• _Data shown_
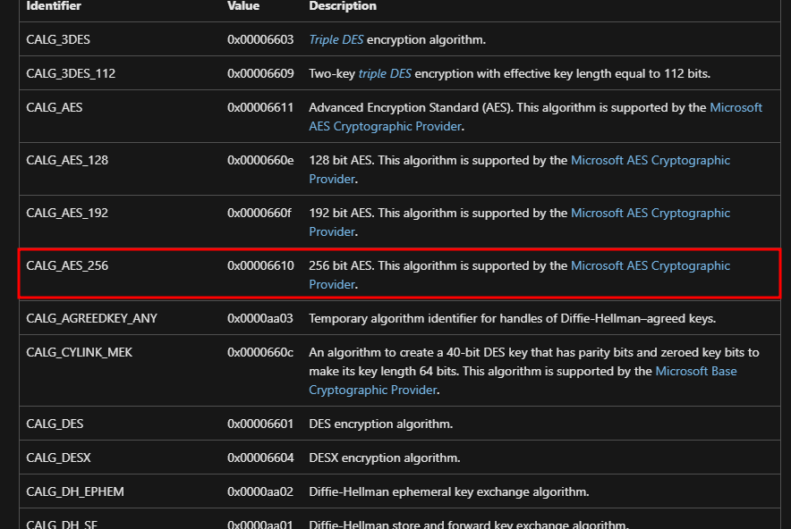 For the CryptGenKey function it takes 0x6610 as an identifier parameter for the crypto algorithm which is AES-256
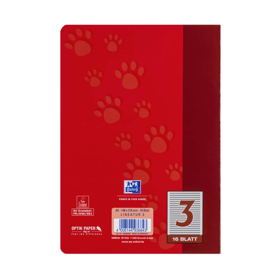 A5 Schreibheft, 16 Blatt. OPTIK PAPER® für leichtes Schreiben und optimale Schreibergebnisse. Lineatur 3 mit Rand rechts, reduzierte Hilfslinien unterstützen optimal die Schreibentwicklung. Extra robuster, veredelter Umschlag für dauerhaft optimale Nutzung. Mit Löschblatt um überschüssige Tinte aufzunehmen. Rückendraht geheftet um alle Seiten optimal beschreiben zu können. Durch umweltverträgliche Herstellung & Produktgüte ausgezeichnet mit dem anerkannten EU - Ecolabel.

* * *

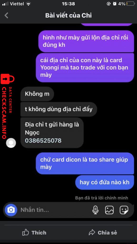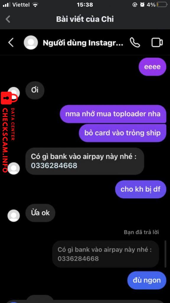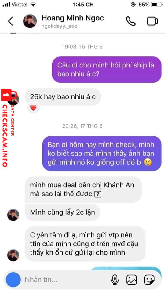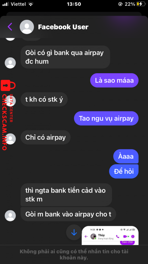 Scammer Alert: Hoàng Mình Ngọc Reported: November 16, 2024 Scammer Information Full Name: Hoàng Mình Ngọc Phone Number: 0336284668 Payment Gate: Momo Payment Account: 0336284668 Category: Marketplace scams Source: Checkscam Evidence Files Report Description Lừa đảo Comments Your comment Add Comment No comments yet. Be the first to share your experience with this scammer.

==

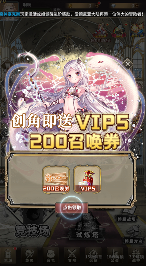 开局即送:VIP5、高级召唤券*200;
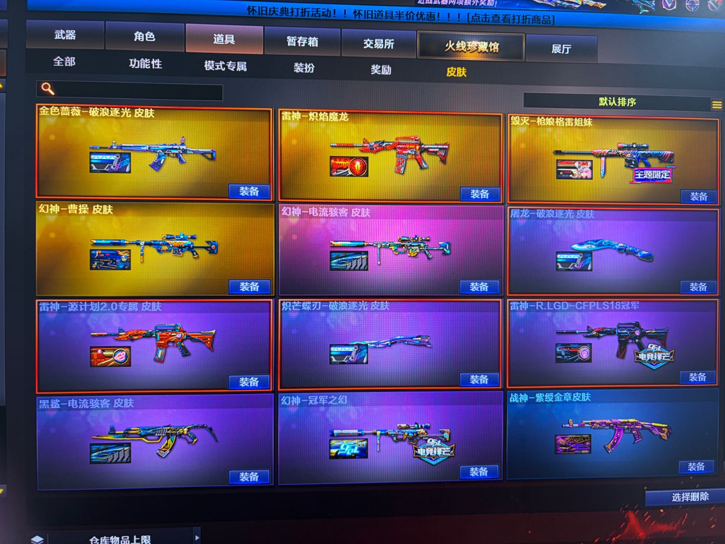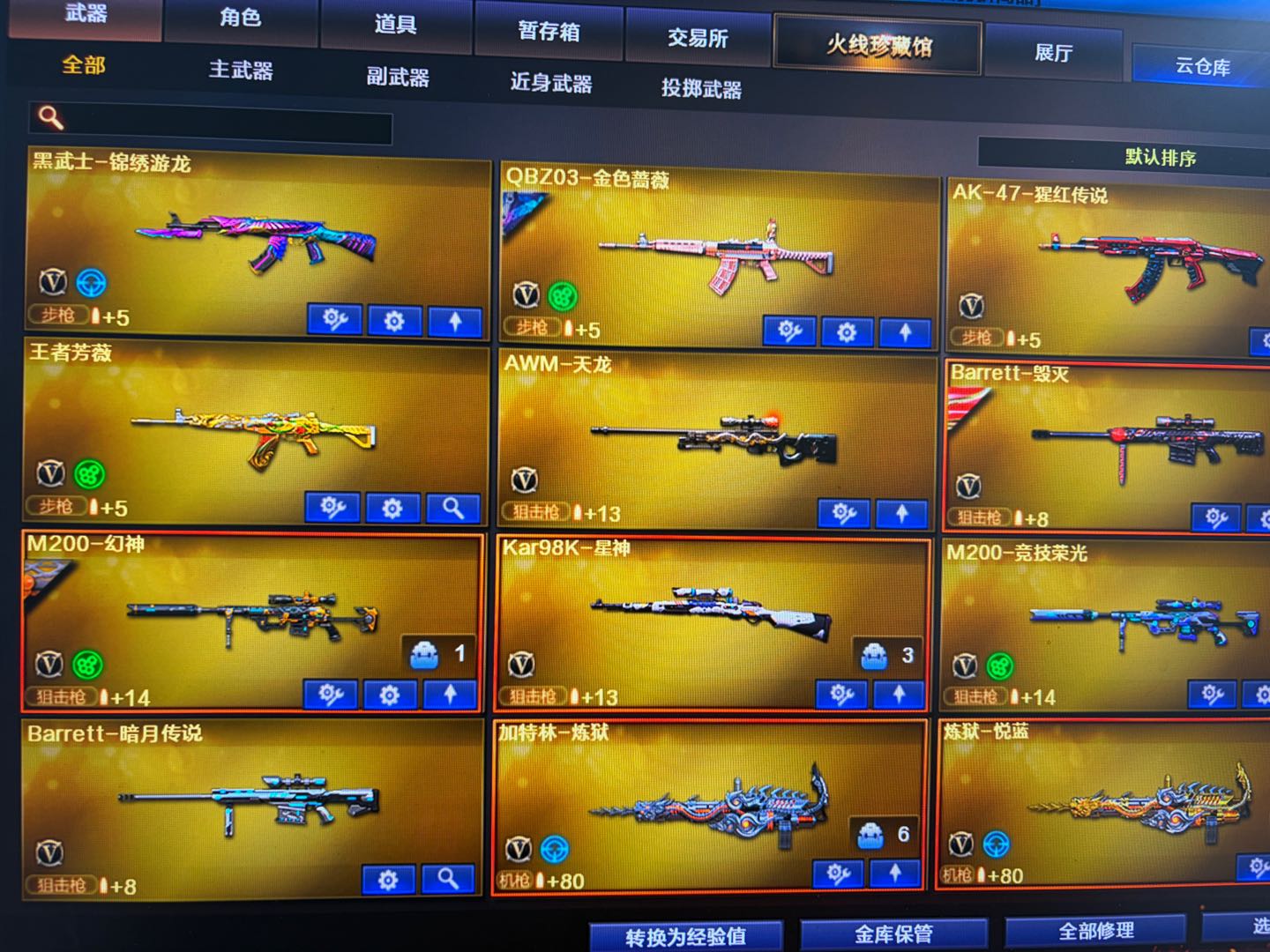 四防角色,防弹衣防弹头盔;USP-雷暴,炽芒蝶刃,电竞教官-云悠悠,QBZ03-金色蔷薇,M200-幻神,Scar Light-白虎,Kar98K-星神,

• _Problem details_
All lines above from the one containing "For the CryptGenKey" up to and including the one containing "A5 Schreibheft, 16" are to be set down exactly, and nothing else. Leave images out.

• _Task output_
 For the CryptGenKey function it takes 0x6610 as an identifier parameter for the crypto algorithm which is AES-256
 A5 Schreibheft, 16 Blatt. OPTIK PAPER® für leichtes Schreiben und optimale Schreibergebnisse. Lineatur 3 mit Rand rechts, reduzierte Hilfslinien unterstützen optimal die Schreibentwicklung. Extra robuster, veredelter Umschlag für dauerhaft optimale Nutzung. Mit Löschblatt um überschüssige Tinte aufzunehmen. Rückendraht geheftet um alle Seiten optimal beschreiben zu können. Durch umweltverträgliche Herstellung & Produktgüte ausgezeichnet mit dem anerkannten EU - Ecolabel.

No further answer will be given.